# ABOUT THIS EXERCISE:
A faithful copy is required of the lines from the top of the entries through the line that contains "2022年4月客户订购的渣浆", both included, with no pictures.

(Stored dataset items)

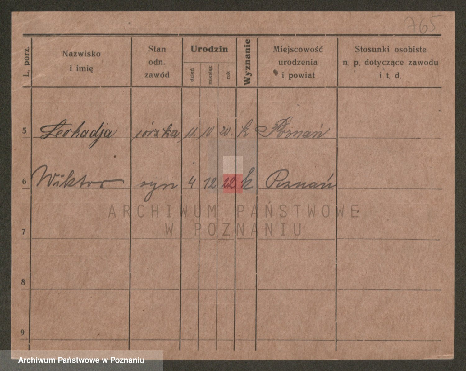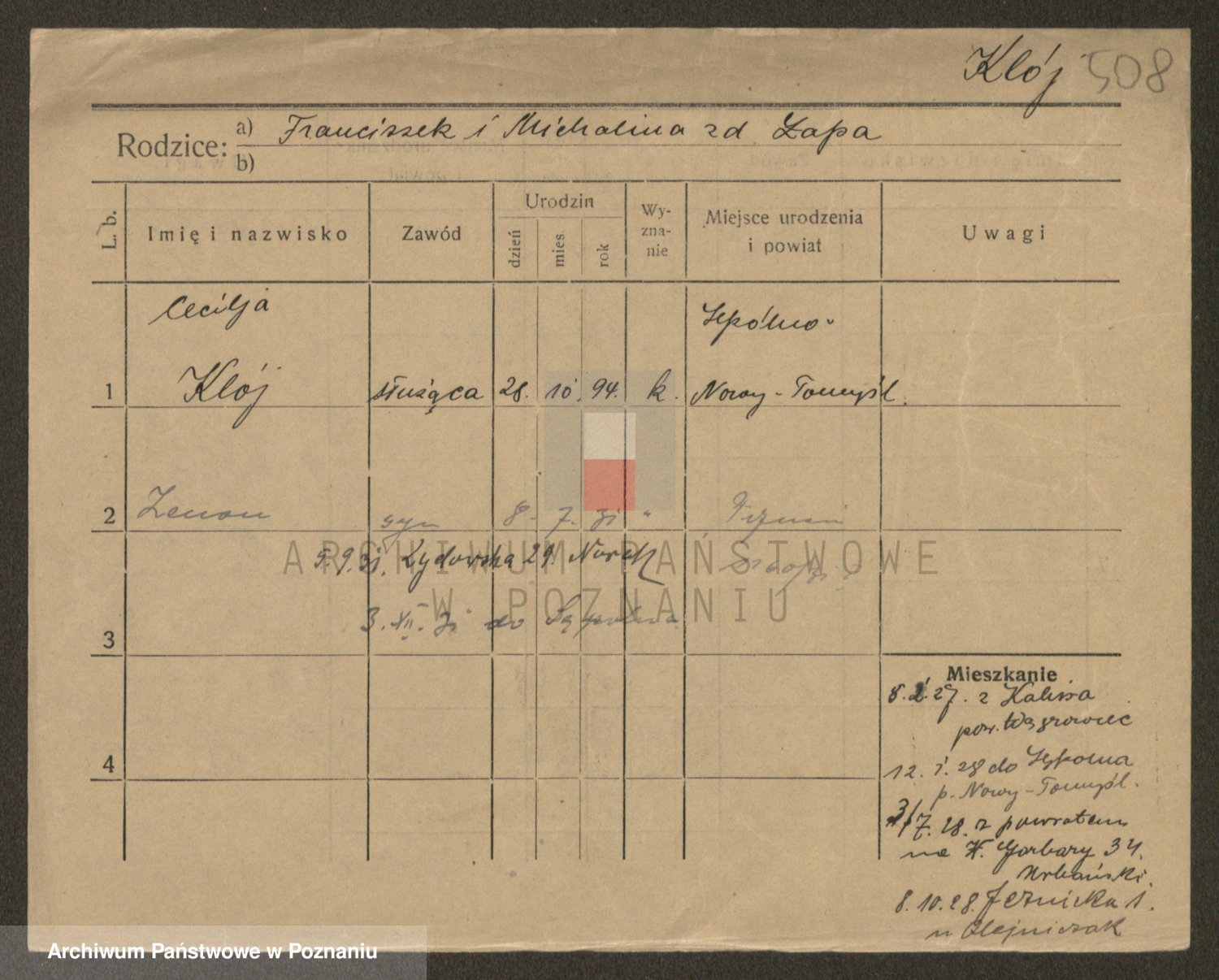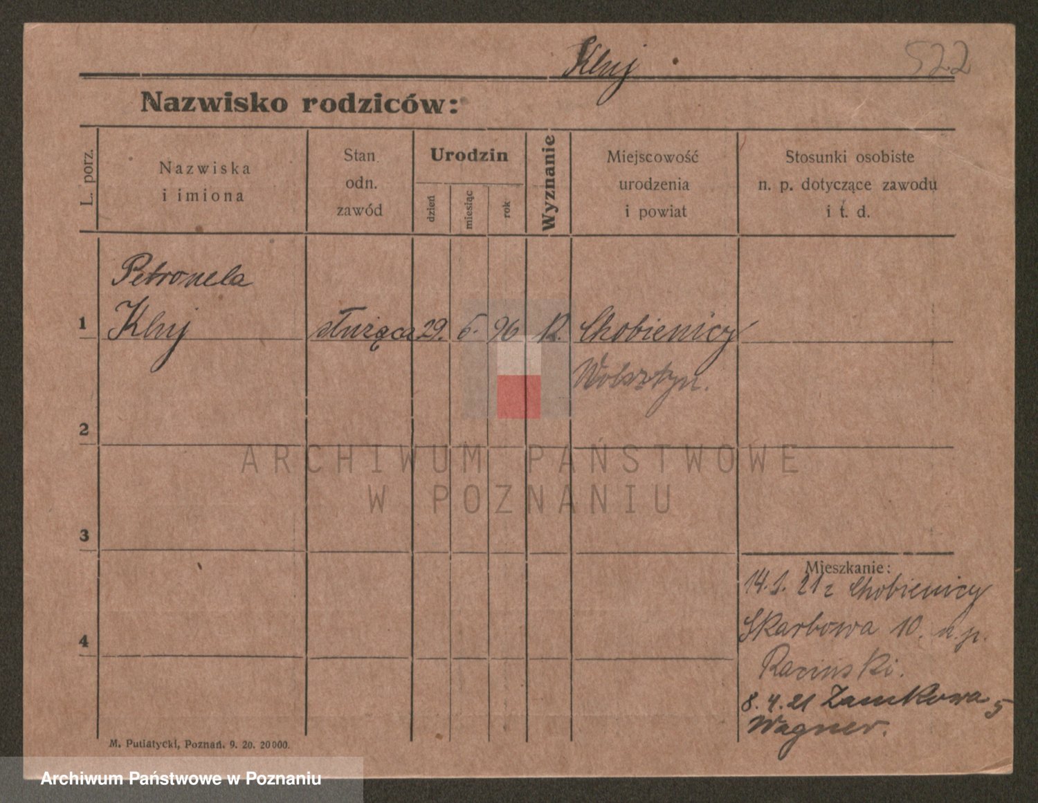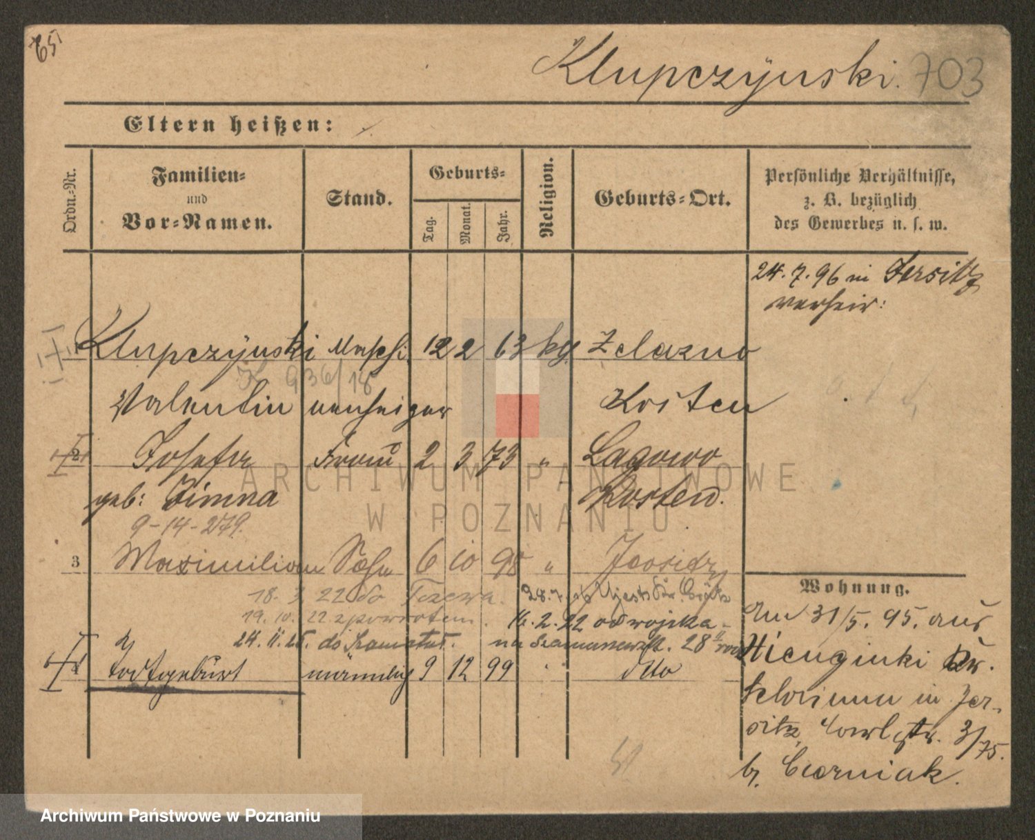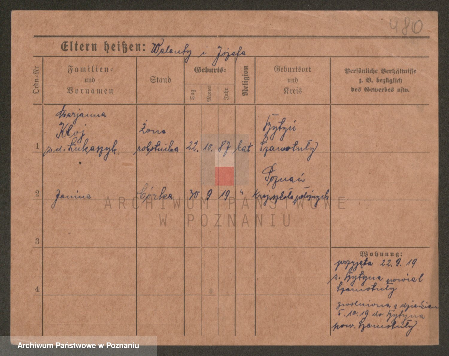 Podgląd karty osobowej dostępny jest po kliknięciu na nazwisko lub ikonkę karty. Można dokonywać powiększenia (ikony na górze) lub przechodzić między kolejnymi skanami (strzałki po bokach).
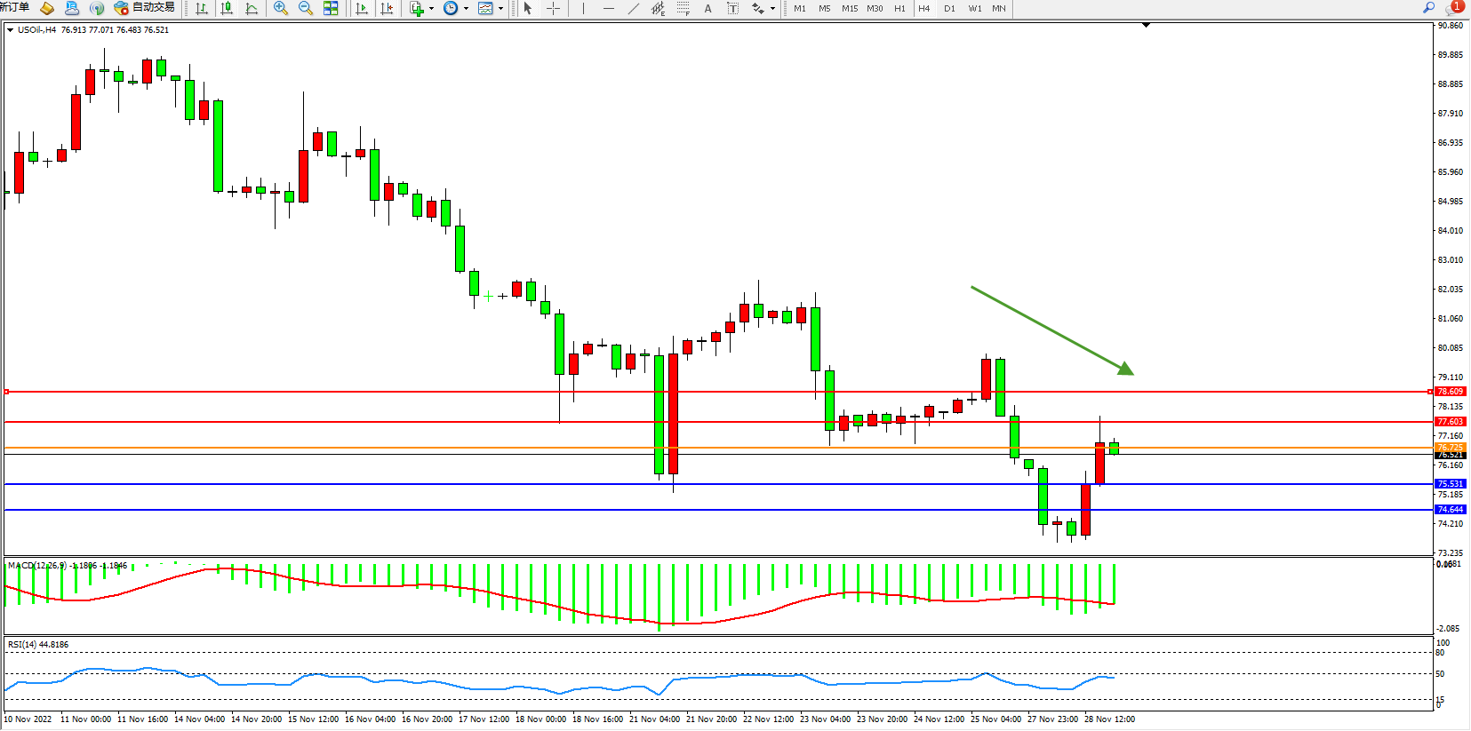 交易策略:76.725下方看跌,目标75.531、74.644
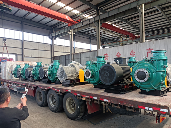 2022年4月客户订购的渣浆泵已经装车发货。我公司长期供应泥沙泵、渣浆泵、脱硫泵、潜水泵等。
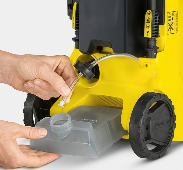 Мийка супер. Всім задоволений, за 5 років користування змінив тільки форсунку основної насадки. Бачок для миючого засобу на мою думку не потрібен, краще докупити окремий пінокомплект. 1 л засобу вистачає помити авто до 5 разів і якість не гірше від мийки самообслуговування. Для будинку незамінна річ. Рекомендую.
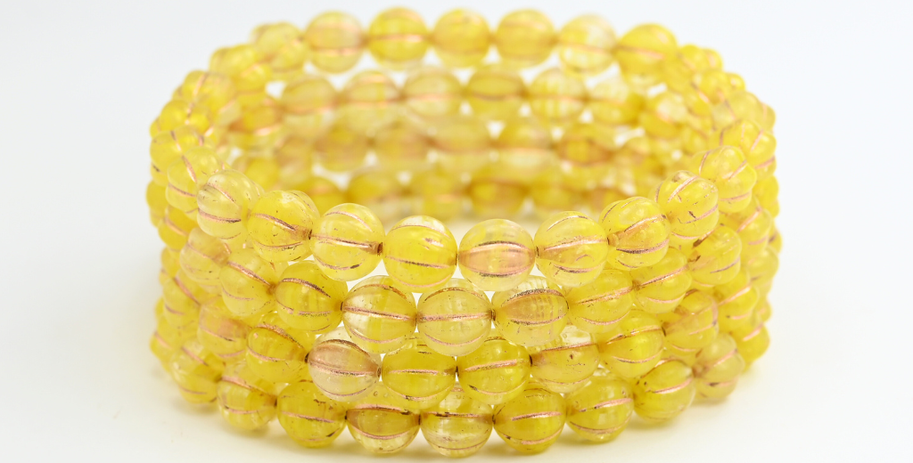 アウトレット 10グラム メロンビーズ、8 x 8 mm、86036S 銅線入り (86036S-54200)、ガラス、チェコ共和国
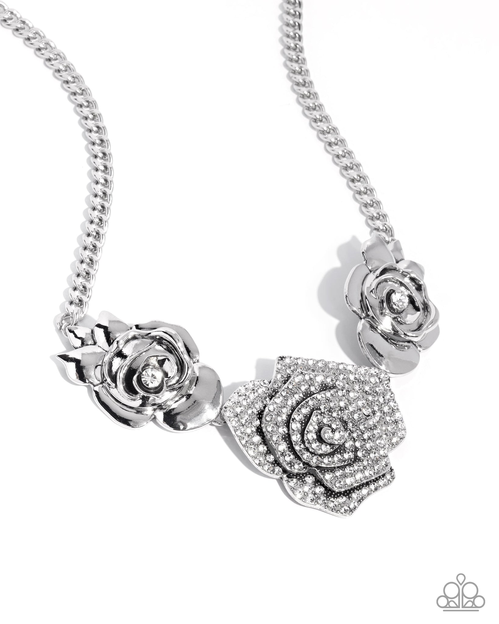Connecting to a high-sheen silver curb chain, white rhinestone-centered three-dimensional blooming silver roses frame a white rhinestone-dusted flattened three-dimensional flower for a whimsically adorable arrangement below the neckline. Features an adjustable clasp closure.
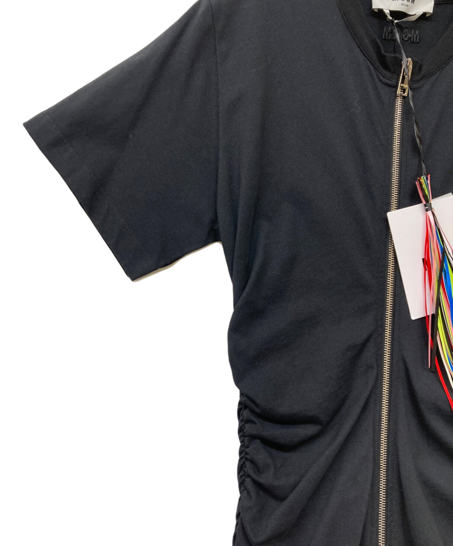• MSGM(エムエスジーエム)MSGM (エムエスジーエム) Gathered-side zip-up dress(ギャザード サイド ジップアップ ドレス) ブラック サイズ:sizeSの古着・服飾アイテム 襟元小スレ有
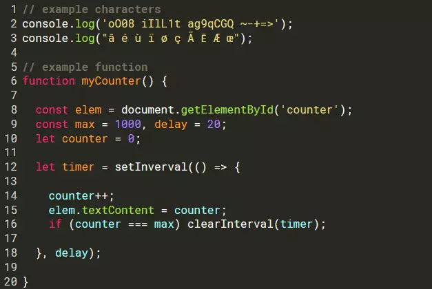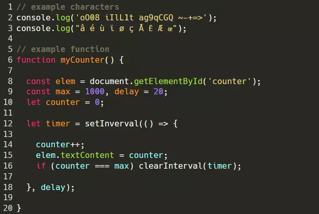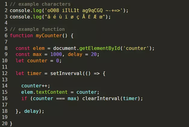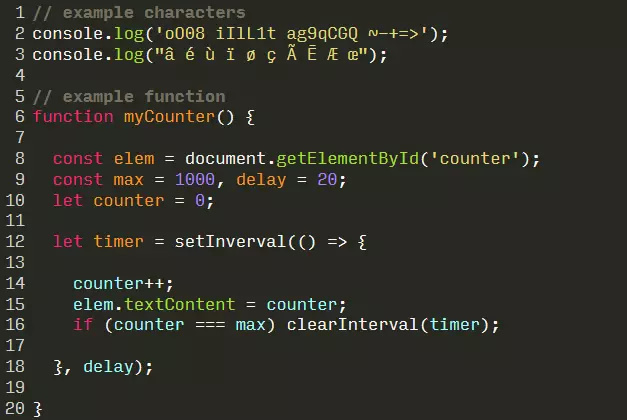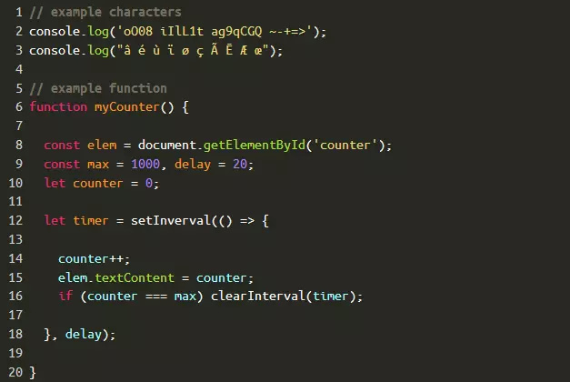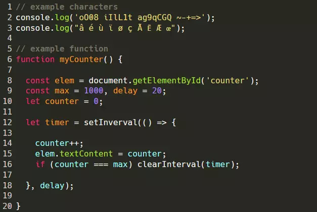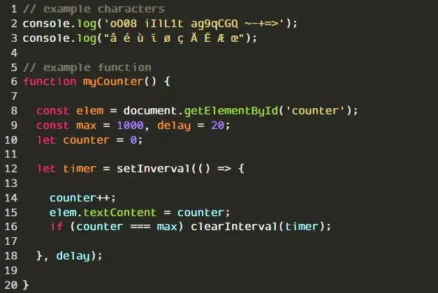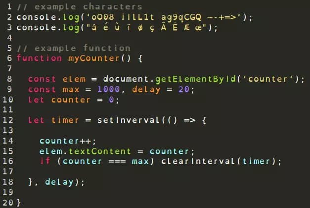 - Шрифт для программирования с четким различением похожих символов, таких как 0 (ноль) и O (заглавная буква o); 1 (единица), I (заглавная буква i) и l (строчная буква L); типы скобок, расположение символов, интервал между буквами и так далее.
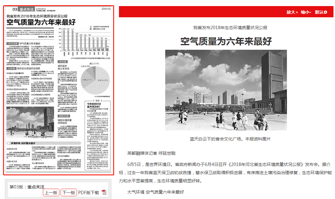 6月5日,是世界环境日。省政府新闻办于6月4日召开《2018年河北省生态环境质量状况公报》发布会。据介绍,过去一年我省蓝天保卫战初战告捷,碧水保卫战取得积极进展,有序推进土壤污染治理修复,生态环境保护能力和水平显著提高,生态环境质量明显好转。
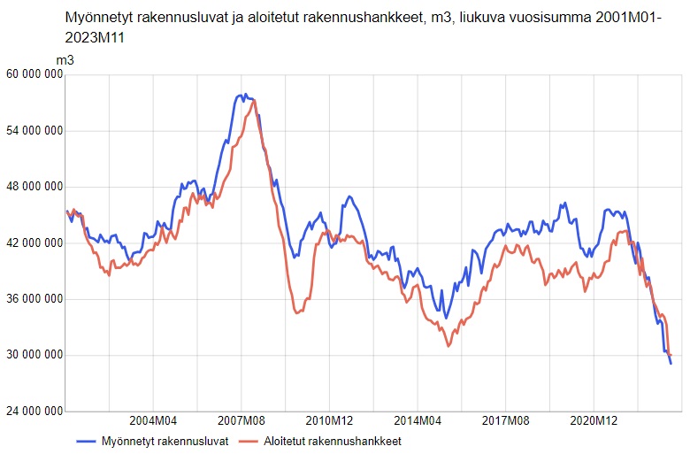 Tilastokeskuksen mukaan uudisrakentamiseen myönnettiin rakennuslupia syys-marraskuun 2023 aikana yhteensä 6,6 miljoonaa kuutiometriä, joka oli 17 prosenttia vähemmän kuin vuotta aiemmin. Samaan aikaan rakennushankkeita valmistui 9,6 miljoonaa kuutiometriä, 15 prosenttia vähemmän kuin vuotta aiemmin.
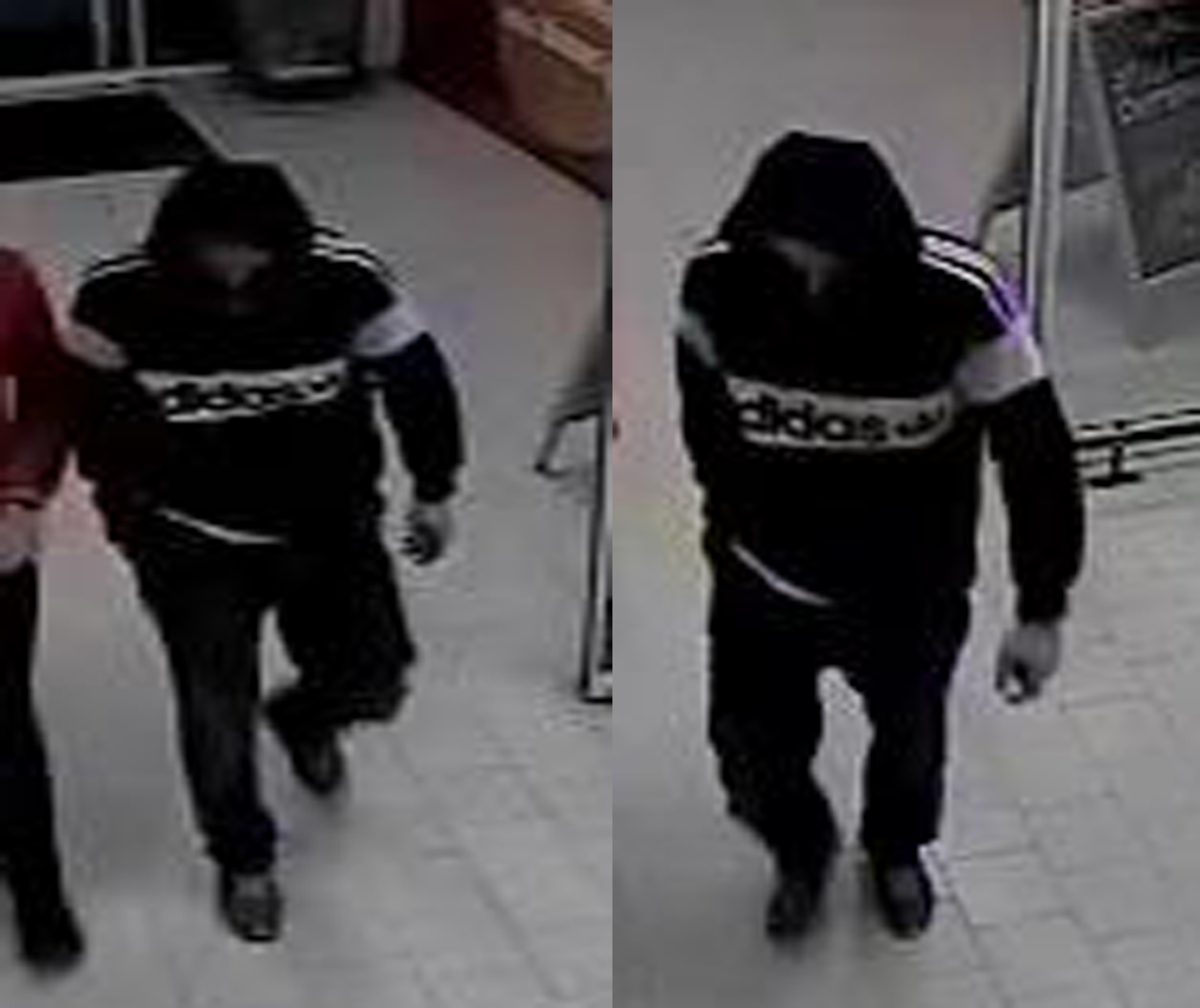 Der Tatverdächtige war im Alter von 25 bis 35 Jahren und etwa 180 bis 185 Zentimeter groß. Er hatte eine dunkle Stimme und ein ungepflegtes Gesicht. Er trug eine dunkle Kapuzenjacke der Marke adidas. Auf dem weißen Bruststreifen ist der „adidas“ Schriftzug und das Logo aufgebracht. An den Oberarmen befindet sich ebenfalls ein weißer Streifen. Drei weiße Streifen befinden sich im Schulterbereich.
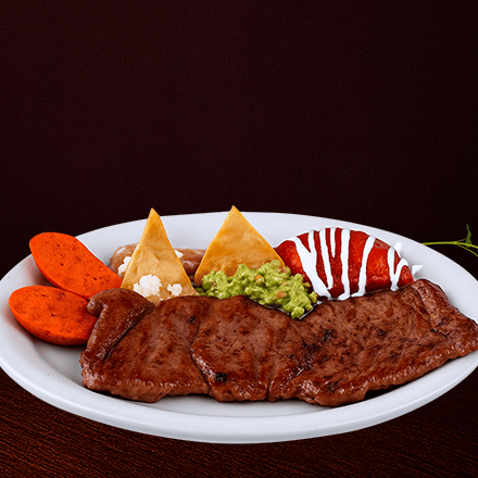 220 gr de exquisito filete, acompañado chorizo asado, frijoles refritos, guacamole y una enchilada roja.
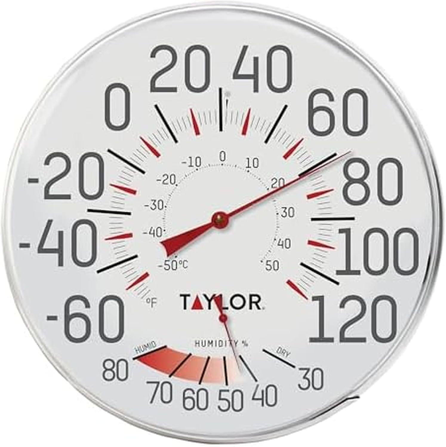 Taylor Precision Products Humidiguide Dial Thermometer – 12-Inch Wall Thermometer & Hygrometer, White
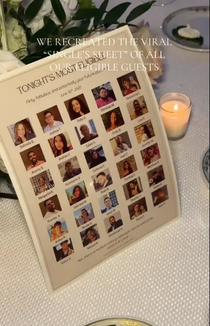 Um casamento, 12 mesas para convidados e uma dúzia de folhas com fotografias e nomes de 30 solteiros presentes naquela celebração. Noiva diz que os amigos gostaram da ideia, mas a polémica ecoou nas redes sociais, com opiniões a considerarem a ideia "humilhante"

# EXERCISE RESULT:
 Podgląd karty osobowej dostępny jest po kliknięciu na nazwisko lub ikonkę karty. Można dokonywać powiększenia (ikony na górze) lub przechodzić między kolejnymi skanami (strzałki po bokach).
 交易策略:76.725下方看跌,目标75.531、74.644
 2022年4月客户订购的渣浆泵已经装车发货。我公司长期供应泥沙泵、渣浆泵、脱硫泵、潜水泵等。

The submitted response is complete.